PepKit is a modular, peptide-centric Python toolkit designed to support **end-to-end computational peptide workflows**, from sequence processing and descriptor calculation to structural modeling, confidence assessment, and docking-oriented analysis.

The package is built with **reproducibility, scalability, and interoperability** in mind, making it suitable for:

- Peptide–protein interaction studies  
- Machine-learning–ready dataset construction  
- Structural bioinformatics and docking benchmarks  
- Large-scale peptide screening and analysis pipelines  

---

## ✨ Key Features

### 1️⃣ Sequence I/O & Standardization
- Convert between **FASTA** and **SMILES** formats (`fasta_to_smiles`, `smiles_to_fasta`).
- Validate and standardize peptide sequences (canonical residues, charge models).
- Batch processing for lists and pandas DataFrames.

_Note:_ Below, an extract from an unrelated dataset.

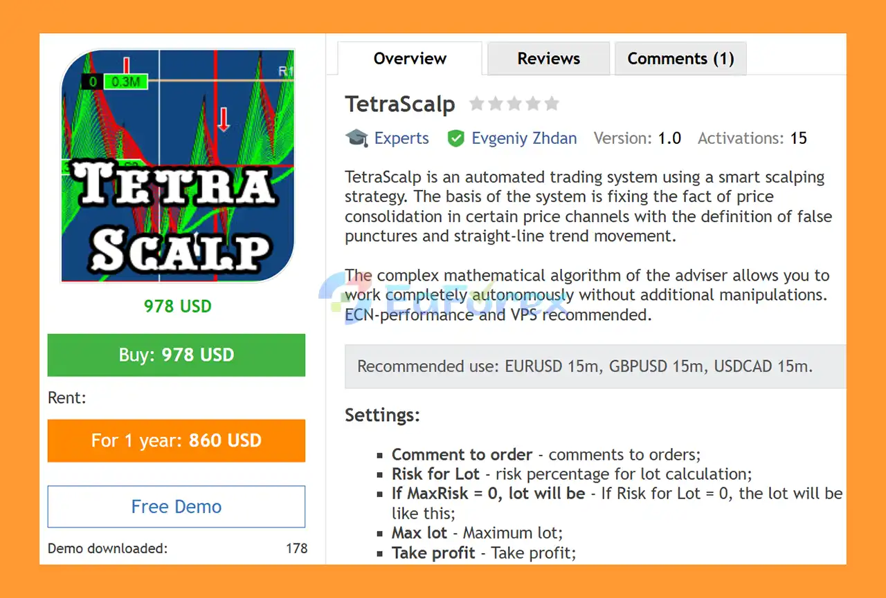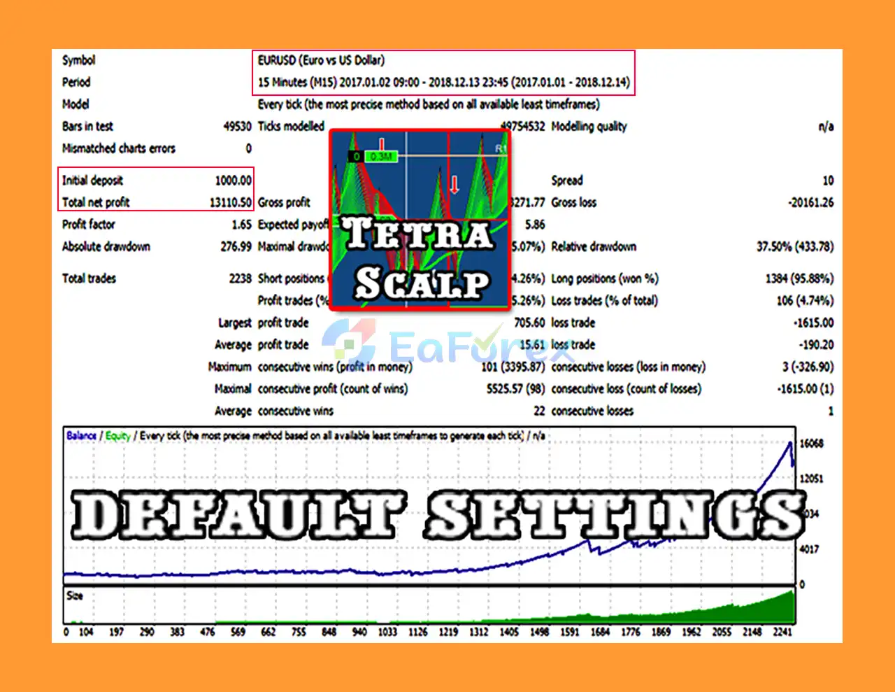 TetraScalp EA MT4 is a fully automated Forex trading robot that uses a smart scalping strategy. It identifies price consolidations, false breakouts, and straight-line trend movements to execute high-probability trades on M15 charts.

### 2️⃣ Physicochemical Descriptors & Clustering
- Compute peptide-level descriptors (molecular weight, charge, hydrophobicity, pI).
- Generate descriptor tables for ML pipelines.
- Cluster peptide libraries based on sequence or chemical similarity.

### 3️⃣ Structural Modeling & Confidence Metrics
- Post-process **AlphaFold / AlphaFold-Multimer** outputs.
- Compute confidence metrics:
  - pLDDT (global, peptide, interface)
  - PAE (interface-aware)
  - pTM / ipTM / composite pTM
  - pDockQ, pDockQ2, MPDockQ
- Optional **DockQ** evaluation against experimental structures.

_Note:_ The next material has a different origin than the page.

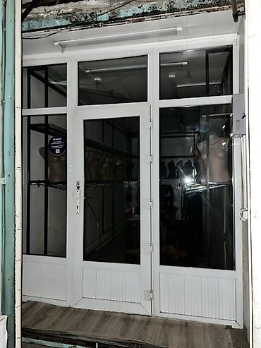 Комплект: остекленная входная группа (дверь + окна), внутренние торговые рейлы/кронштейны, манекены-торсы, светильники.

### 4️⃣ Peptide–Protein Dataset Construction
- Automated querying of **RCSB PDB** for peptide–protein complexes.
- Heuristic peptide-chain detection and interface extraction.
- CSV + FASTA export for benchmarking and ML.

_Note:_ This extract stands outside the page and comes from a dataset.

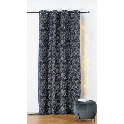 Features: This curtain measures 140 cm wide and 260 cm high when hung. It has a 40mm diameter eyelet finish in gun barrel colour and therefore fits a classic round rod. Its material is composed of recycled yarns, 60% polyester 36% cotton 2% other fibres 2% polyamide. Its pattern is representative of the astral world. Its weight is 1kg07. DESCRIPTION: This jacquard fabric represents the typical patterns of the astral world. Milky Ways, moons and suns stand out against the midnight blue background that highlights the golden outline. This gold thread makes the drawing both discreet and elegant. INSTALLATION AND MAINTENANCE: Its 40mm diameter eyelet finish is easy to install and fits curtain rods on the market. This product is easy to clean, machine washable at 30°C and can be ironed at medium temperature. LINDER : Our profession of manufacturer and manufacturer of decorative texties has gone through the ages since 1904 to make Linder one of the last textile manufacturers to design and manufacture in France. We offer varied collections, from sheer curtains to curtains, through glazing throws, cushions, etc…
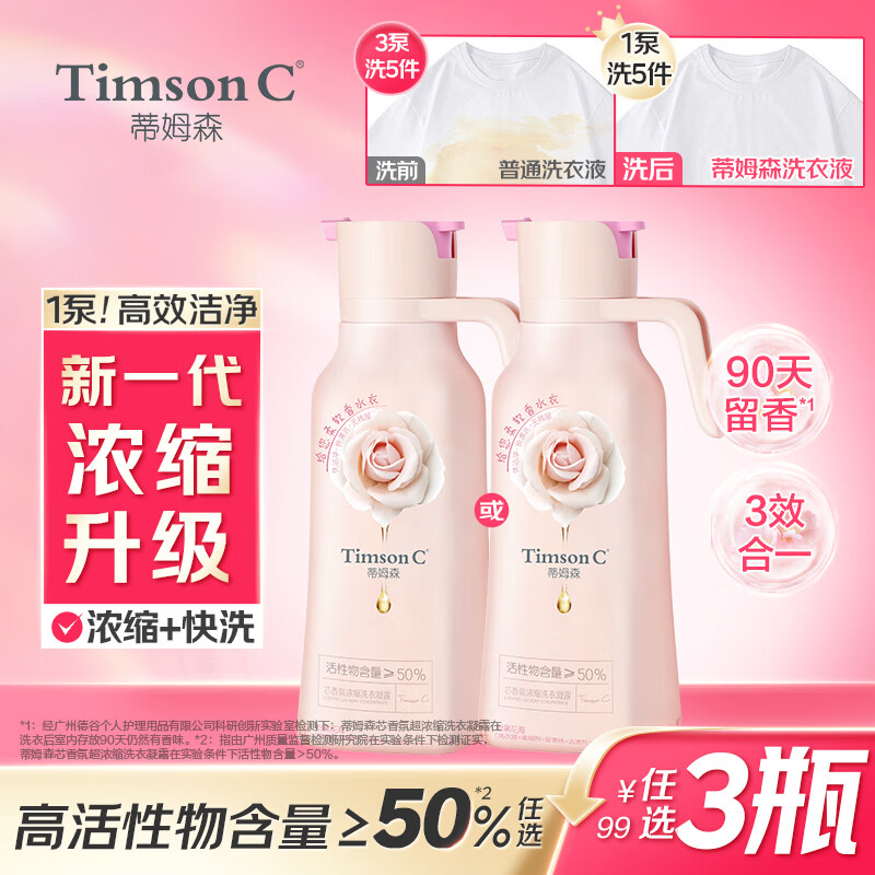 【京东商城】【母婴用品】阿道夫.蒂姆森快洗洗衣液超浓缩泵洗持久香味粉黛花海618ml

### 5️⃣ Docking & Benchmark Pipelines
- Prepare inputs for docking and scoring workflows.
- Integrate predicted and experimental metrics in unified tables.
- Designed to interoperate with Rosetta, AlphaFold, and downstream scoring tools.

---

## 📦 Installation

### Install from PyPI
```bash
pip install pepkit
```

### Development installation
```bash
git clone https://github.com/Vivi-tran/PepKit.git
cd PepKit
pip install -e .
```

## 🚀 Quickstart

This section shows how to get started with **PepKit** in just a few lines of code, covering the most common peptide-centric tasks.

---

### 🔹 Sequence Conversion

Convert between peptide **FASTA** and **SMILES** representations:

```python
from pepkit.conversion import fasta_to_smiles, smiles_to_fasta


# FASTA → SMILES
seq = "ACDEFGHIK"
smiles = fasta_to_smiles(seq)
print("SMILES:", smiles)

# SMILES → FASTA
back_seq = smiles_to_fasta(smiles)
print("FASTA:", back_seq)
```


## 📚 Documentation

Full documentation is available at:

👉 **https://pepkit.readthedocs.io/en/latest/**


## License

This project is licensed under MIT License - see the [License](LICENSE) file for details.